本発明の組み換え細菌はさらに、アルコール脱水素酵素 (EC 1.1.1.1)、アルデヒド脱水素酵素（アシル化）(EC 1.2.1.10)、ギ酸脱水素酵素(EC 1.2.1.2)、ホルミル−ＴＨＦシンテターゼ(EC 6.3.2.17)、メチレン−ＴＨＦ脱水素酵素／ホルミル−ＴＨＦシクロヒドロラーゼ(EC:6.3.4.3)、メチレン−ＴＨＦ還元酵素(EC 1.1,1.58)、ＣＯ脱水素酵素／アセチル−ＣｏＡシンターゼ(EC 2.3.1.169)、アルデヒドフェレドキシン酸化還元酵素(EC 1.2.7.5)、ホスホトランスアセチラーゼ(EC 2.3.1.8)、酢酸キナーゼ(EC 2.7.2.1)、ＣＯ脱水素酵素(EC 1.2.99.2)、ヒドロゲナーゼ(EC 1.12.7.2)、ピルビン酸：ギ酸リアーゼ(EC 2.3.1.54)、２，３−ブタンジオール脱水素酵素(EC 1.1.1.4)、１級：２級アルコール脱水素酵素(EC 1.1.1.1)、ギ酸脱水素酵素(EC 1.2.1.2)、ホルミル−ＴＨＦシンテターゼ(EC 6.3.2.17)、メチレン−ＴＨＦデヒドロゲナーゼ／ホルミル−ＴＨＦシクロヒドロラーゼ(EC:6.3.4.3)、メチレン−ＴＨＦ還元酵素(EC 1.1,1.58)、ＣＯ脱水素酵素／アセチル−ＣｏＡシンターゼ(EC 2.3.1.169)、ＣＯ脱水素酵素(EC 1.2.99.2)、及びヒドロゲナーゼ(EC 1.12.7.2)のうちの１つ以上を発現していてもよく、又は発現するよう操作されていてもよく、又は過剰発現するよう操作されていてもよい。
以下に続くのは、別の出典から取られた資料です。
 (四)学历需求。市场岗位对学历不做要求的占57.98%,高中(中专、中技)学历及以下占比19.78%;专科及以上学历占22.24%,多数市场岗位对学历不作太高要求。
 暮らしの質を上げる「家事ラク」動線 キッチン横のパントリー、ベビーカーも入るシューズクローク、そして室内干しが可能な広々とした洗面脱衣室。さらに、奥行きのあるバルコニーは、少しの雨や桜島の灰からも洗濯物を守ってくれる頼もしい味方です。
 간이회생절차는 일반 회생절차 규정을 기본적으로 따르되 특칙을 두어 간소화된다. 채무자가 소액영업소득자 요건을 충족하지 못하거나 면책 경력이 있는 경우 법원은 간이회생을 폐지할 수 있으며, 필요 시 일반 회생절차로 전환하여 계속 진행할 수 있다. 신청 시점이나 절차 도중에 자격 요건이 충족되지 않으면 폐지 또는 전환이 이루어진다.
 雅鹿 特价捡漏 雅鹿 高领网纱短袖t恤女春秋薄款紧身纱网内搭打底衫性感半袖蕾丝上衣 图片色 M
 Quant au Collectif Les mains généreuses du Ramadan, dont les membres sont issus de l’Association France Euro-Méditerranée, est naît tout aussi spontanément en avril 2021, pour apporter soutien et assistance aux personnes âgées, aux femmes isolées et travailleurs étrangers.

「酵素補因子」又はシンプルに「補因子」は、酵素に結合し、酵素の生物的機能を促進することによって触媒反応を補助する、非タンパク質性化合物である。補因子の非限定的な例としては、ＮＡＤ＋、ＮＡＤＰ＋、コバラミン、テトラヒドロ葉酸塩及びフェレドキシンが挙げられる。「ニコチンアミドアデニンジヌクレオチド」（ＮＡＤＨ）とは、ＮＡＤ＋（酸化型）、ＮＡＤＨ＋Ｈ＋（還元型）、又はＮＡＤ＋とＮＡＤＨ＋Ｈ＋の両方の酸化還元対のいずれかを指す。「ニコチンアミドアデニンジヌクレオチドリン酸塩」（ＮＡＤＰＨ）とは、ＮＡＤＰ＋（酸化型）、ＮＡＤＰＨ＋Ｈ＋（還元型）、又はＮＡＤＰ＋とＮＡＤＰＨ＋Ｈ＋の両方の酸化還元対のいずれかを指す。補因子の全体的な可用性の上昇により、経路反応の速度を上げることができる。補因子の産生に影響を与え得る因子としては、補因子生合成遺伝子の発現が挙げられ、当該遺伝子は補因子の可用性増大を達成するために変更し得る。補因子の可用性増大を達成するために当分野の当業者に公知の他の因子を使用してもよい。補因子の可用性の欠落は、経路反応に対し、律速的な影響を有し得る。補因子の可用性の決定方法は当分野に公知である。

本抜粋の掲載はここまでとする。